Intervention and Comparator
The intervention group consisted of people with T2D who received 1.8 mg of liraglutide subcutaneously once-daily as an add-on to standard of care (SoC). The comparator group received SoC for T2D.
Model Structure
A Markov model, as shown in Fig. 1, was developed in Microsoft Excel and based on the CV and renal outcomes of the LEADER trial [9, 10]. The model comprised eight health status: T2D with CV risk, non-fatal myocardial infarction (MI), post-MI, non-fatal stroke, post-stroke, pre-renal replacement therapy (pre-RRT), RRT, and death. The assumption in this model was that MI, stroke, and nephropathy were mutually exclusive events. Deaths included fatal MI, fatal stroke, CV death, non-CV death, and renal death. To capture the long-term costs and outcomes, a lifetime horizon with a yearly cycle length was used for the analyses.
Markov model of type 2 diabetes people with cardiovascular risk. T2D type 2 diabetes, MI myocardial infarction
Each cohort was started at the T2D with CV risk health state. People then moved to non-fatal MI, non-fatal stroke, pre-RRT, or death according to the transitional probability of such a health state.

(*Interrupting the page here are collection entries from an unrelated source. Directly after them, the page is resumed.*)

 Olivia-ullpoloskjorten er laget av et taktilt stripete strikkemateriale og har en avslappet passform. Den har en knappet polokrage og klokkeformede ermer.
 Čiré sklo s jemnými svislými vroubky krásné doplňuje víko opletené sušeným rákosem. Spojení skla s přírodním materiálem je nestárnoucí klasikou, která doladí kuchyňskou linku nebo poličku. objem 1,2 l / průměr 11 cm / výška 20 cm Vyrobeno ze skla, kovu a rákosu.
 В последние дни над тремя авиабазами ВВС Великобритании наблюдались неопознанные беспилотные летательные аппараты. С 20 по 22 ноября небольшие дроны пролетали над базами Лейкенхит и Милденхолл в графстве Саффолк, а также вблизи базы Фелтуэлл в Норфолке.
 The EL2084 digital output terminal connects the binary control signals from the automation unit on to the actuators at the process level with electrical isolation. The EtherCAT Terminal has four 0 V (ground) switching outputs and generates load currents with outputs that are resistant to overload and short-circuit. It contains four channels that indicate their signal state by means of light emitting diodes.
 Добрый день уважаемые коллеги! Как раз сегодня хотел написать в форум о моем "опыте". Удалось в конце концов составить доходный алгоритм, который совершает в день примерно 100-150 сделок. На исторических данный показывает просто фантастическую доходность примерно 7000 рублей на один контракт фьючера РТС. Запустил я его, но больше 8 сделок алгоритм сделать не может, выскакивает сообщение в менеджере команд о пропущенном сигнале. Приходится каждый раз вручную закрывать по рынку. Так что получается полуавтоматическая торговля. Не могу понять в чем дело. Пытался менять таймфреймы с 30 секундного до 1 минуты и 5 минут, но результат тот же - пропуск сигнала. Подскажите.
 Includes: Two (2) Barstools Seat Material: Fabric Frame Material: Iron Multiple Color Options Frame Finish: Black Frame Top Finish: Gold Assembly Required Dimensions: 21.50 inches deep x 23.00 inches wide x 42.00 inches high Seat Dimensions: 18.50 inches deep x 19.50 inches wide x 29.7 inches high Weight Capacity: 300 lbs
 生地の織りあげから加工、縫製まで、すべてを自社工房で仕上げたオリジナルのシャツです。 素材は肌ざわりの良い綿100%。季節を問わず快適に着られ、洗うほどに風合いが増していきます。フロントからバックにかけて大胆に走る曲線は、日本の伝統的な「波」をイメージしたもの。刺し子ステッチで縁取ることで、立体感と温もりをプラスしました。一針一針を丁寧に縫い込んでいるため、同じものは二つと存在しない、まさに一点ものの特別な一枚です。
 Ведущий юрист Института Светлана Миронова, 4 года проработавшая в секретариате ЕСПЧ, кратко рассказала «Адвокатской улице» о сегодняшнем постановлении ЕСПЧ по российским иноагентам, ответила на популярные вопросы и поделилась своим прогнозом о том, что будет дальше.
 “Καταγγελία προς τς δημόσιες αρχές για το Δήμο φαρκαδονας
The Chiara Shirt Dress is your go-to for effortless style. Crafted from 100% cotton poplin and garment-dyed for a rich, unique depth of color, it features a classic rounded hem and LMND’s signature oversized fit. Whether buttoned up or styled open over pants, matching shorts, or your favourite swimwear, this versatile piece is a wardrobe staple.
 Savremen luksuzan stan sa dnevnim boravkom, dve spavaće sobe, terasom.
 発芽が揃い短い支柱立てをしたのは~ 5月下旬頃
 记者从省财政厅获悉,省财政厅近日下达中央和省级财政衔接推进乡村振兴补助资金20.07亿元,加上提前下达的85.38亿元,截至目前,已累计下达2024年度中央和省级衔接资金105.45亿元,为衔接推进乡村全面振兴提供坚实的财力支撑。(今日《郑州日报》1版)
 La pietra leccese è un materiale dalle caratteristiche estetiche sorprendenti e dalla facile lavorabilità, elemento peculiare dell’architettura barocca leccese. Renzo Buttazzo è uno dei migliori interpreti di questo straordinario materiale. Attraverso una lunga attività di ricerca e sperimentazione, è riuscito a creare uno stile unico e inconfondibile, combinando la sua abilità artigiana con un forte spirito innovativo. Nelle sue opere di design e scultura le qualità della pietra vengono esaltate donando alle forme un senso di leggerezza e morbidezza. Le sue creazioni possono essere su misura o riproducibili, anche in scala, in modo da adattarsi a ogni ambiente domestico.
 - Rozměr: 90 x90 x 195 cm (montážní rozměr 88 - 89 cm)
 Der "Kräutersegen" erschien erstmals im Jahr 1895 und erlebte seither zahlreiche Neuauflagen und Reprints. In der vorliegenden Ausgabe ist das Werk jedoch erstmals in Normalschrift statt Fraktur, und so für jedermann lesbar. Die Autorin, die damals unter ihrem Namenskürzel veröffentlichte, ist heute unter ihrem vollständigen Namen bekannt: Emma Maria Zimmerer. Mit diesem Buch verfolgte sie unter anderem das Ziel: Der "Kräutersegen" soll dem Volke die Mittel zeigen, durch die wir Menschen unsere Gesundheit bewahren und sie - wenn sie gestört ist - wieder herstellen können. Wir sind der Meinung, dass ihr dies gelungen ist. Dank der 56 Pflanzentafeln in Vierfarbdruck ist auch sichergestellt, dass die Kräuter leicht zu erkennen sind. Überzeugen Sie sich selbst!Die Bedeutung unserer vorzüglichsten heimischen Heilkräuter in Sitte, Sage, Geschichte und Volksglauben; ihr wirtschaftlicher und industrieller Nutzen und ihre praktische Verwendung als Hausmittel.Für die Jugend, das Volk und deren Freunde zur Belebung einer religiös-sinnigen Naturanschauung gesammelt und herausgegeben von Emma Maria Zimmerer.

People who experienced either non-fatal MI or non-fatal stroke could move to post-MI or post-stroke, respectively, or experience death from CV causes in the next cycle. People with either post-MI or post-stroke could remain in the same health state or get worse and attain death. Another pathway was nephropathy. The cohort could move from the starting health state to the pre-RRT health state or attain death from renal disease. People were then moved to the RRT health state or could remain in the pre-RRT health state or death state according to the transitional probabilities. People in the RRT health state could stay in the RRT health state or get worse and die. Finally, all people could enter the absorbing health state, which is the death state.
Input Parameters
Transitional Probability Inputs
Myocardial Infarction
Risk of non-fatal MI was obtained from the LEADER trial [9, 11], which reported 6.02% vs. 6.79% in the liraglutide and SoC groups for all people, 6.88% vs. 7.95% for people with ASCVD, and 3.72% vs. 3.77% for people without ASCVD. The number of fatal MI was fewer than non-fatal MI in all three cohorts. People who received add-on liraglutide had fewer fatal MI than those who received SoC alone in all three cohorts. The reported percentages of fatal MI were 0.36% vs. 0.60% in the liraglutide and SoC groups for all people, 0.38% vs. 0.56% for people with ASCVD, and 0.32% vs. 0.69% for people without ASCVD [9, 11]. All these risks of non-fatal MI and fatal MI were converted into an annual rate, then converted back to an annual probability. The details are shown in Table 1.
Stroke
The data on non-fatal stroke and fatal stroke were also obtained from the LEADER trial [9, 11]. The number of non-fatal strokes was higher compared to fatal strokes for all three cohorts. People who received liraglutide treatment had lower percentages of non-fatal stroke versus those who received SoC treatment (3.67% vs. 4.33% for people with ASCVD, 3.41% vs. 3.79% for all people). However, people from the no ASCVD cohort had higher percentages of non-fatal stroke in the liraglutide group than the SoC group (2.69% vs. 2.38%). There were fewer people with fatal stroke in the liraglutide group than in the SoC group for all three cohorts. Risks of fatal stroke in the liraglutide and SoC groups were 0.34% vs. 0.54%, 0.32% vs. 0.56%, and 0.40% vs. 0.46% for all people, people with ASCVD, and people without ASCVD, respectively. All these risks of non-fatal stroke and fatal stroke were converted to an annual rate, then converted back to an annual probability. The details are shown in Table 1.
Cardiovascular Death
The mortality rate after the first non-fatal event of MI and stroke in the SoC group was 4.8 per 100 patient-year based on the Examination of Cardiovascular Outcomes with Alogliptin versus Standard of Care (EXAMINE) study [12]. The mortality rate due to MI in the liraglutide group was obtained from the mortality rate of the SoC group adjusted by the HR of 0.60 (95% CI 0.33–1.10) for all people [9], 0.67 (95% CI 0.29–1.57) for people with ASCVD, and 0.45 (95% CI 0.14–1.47) for people without ASCVD [11]. All rates were finally converted into risk. The details are shown in Table 1.
RRT and Pre-RRT
The LEADER trial [10] reported one of the renal outcomes as the number of people needing RRT. People with ASCVD had a lower risk of RRT than those with no ASCVD for both the liraglutide and SoC groups. In addition, people who received liraglutide treatment had lower risk of RRT than those who received SoC in all three cohorts. The percentages of RRT in the liraglutide and SoC groups were 1.20% vs. 1.37%, 0.82% vs. 0.95%, and 2.21% vs. 2.46% for all people, people with ASCVD, and people without ASCVD, respectively. All these risks were converted to an annual rate, then to an annual probability. The details are shown in Table 1.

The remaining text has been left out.